Thanks for stopping by to let us know something could be better!

PLEASE READ: If you have a support contract with Google, please create an issue in the support console instead of filing on GitHub. This will ensure a timely response.

Please run down the following list and make sure you've tried the usual "quick fixes":

If you are still having issues, please be sure to include as much information as possible:

Environment details

  • OS: Google App Engine
  • Node.js version: 12.14.x
  • npm version: 6.13
  • @google-cloud/debug-agent version: 4.2.1

Steps to reproduce

We found that the package cause a memory leak. This image shows our application memory with the package and without it.

image

We are running on Google App Engine with 4 nodes. Any help is appreciated.

Thanks!

@yoshi-automation yoshi-automation added the triage me I really want to be triaged. label Jan 11, 2020
@bcoe bcoe added type: bug Error or flaw in code with unintended results or allowing sub-optimal usage patterns. priority: p2 Moderately-important priority. Fix may not be included in next release. needs more info This issue needs more information from the customer to proceed. and removed needs more info This issue needs more information from the customer to proceed. labels Jan 14, 2020
@yoshi-automation yoshi-automation removed the triage me I really want to be triaged. label Jan 14, 2020
@DominicKramer
Copy link
Contributor

It looks like the issue node #28420 is impacting the version of node you are using. I suspect it could be the root cause.

@google-cloud-label-sync google-cloud-label-sync bot added the api: clouddebugger Issues related to the googleapis/cloud-debug-nodejs API. label Jan 30, 2020
@legopin
Copy link

legopin commented Feb 19, 2020

@DominicKramer node version upgrade didn't resolve the issue.

We are observing a similar issue on the upgraded node version.
The memory usage gradually climbs until OOM kill when debug agent is enabled. After it was disabled the memory usage is stable.

Screen Shot 2020-02-19 at 2 59 40 PM

Running on GKE (Google Kubernetes Engine) pod

  • OS: official node docker image
  • Node.js version:12.16.0
  • npm version:6.13.4
  • @google-cloud/debug-agent version:4.2.2

@DominicKramer
Copy link
Contributor

Thank you for the update. Have you seen similar problems on GCP services other than GKE?

@legopin
Copy link

legopin commented Feb 20, 2020

That's the only GCP service we use. We have all our services running under kubernetes

@tbadlov
Copy link
Author

tbadlov commented Feb 20, 2020

Ours is on AppEngine

@DominicKramer
Copy link
Contributor

@legopin and @tbadlov thanks for the update.

@soldair
Copy link
Contributor

soldair commented Feb 21, 2020

if anyone has a repro gist or repository we can run that leaks this way that would help us get to the bottom off this a little more quickly. It helps to confirm that we're solving the problem you're hitting.

@legopin
Copy link

legopin commented Feb 24, 2020

@soldair
Here is a reproducible code snippet:
This was run in GKE as a single pod, continued to observe memory leak even when no requests were received.

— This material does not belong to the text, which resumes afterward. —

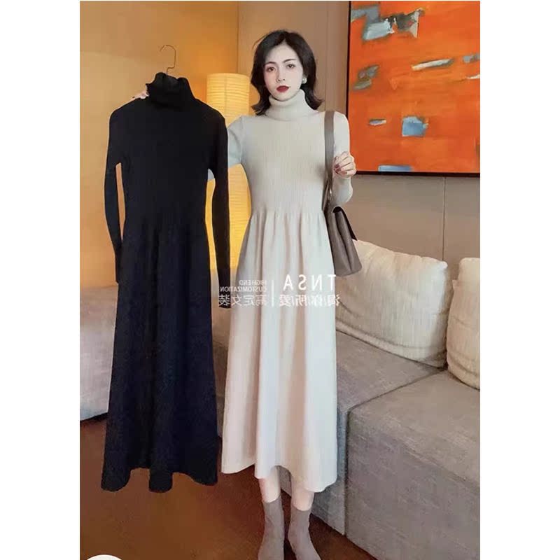 2023秋冬新款气质中长款连衣裙网红高档洋气修身显瘦遮肚针织毛衣

Screen Shot 2020-02-24 at 5 56 19 PM

index.js

require("@google-cloud/debug-agent").start({
  projectId: 'ID',
  allowExpressions: true,
  serviceContext: {
    service: 'debug-leak',
  },
});

const Koa = require("koa");
const app = new Koa();

// response
app.use(ctx => {
  ctx.body = "Hello Koa";
});

app.listen(3000, ()=>{console.log('server started')});

Dockerfile

FROM node:12.16.0

COPY package.json package-lock.json /tmp/

RUN mkdir /opt/app \
    && mv /tmp/package.json /tmp/package-lock.json /opt/app \
    && cd /opt/app && npm ci

WORKDIR /opt/app
COPY src /opt/app/src

EXPOSE 3000

ENV NODE_ENV production

CMD ["node", "src"]

@soldair soldair assigned soldair and DominicKramer and unassigned soldair Feb 24, 2020
@legopin
Copy link

legopin commented Mar 19, 2020

Hello, are there any updates on this issue? Were you able to reproduce the issue?

@kilianc
Copy link

kilianc commented Apr 11, 2020

We are experiencing this as well and had to shut down the debugger. The image below shows the same app deployed to two clusters, one with the debugger on and one with the debugger off.

The debugger is a big piece of our workflow so this is pretty dramatic :)

@kilianc
Copy link

kilianc commented Apr 12, 2020

I just tested the same code with 12.16 and same results. The library in the current state is not usable. How is this not a p0 on a LTS version of node!

@bcoe
Copy link
Contributor

bcoe commented Apr 13, 2020

@kilianc If I understand correctly this issue isn't happening on 10.x?

@kilianc
Copy link

kilianc commented Apr 13, 2020

@bcoe can't confirm, we're running on 12.x it's very easy to repro with the example provided (just changing the FROM to 10.x.

How can I help?

@escapedoc
Copy link

Are there any updates on the issue?
We ae running on GCE:

  • node v14.1.0
  • @google-cloud/debug-agent: ^4.2.2

Memory leaks occur when we have any logpoints. In 2 hours our VM exceeds it's memory having only one logpoint and die. Only stop and start can help (SSH doesn't work also)

@ankero
Copy link

ankero commented Jul 7, 2020

I know that this is reported well enough. Just wanted to pitch in that we are experiencing the same in our GAE Flex in all services that utilise this library. We've tested this by removing npm libraries one-by-one and stress testing our application to see the memory consumption. Only the versions with the debug-agent are affected with this leak.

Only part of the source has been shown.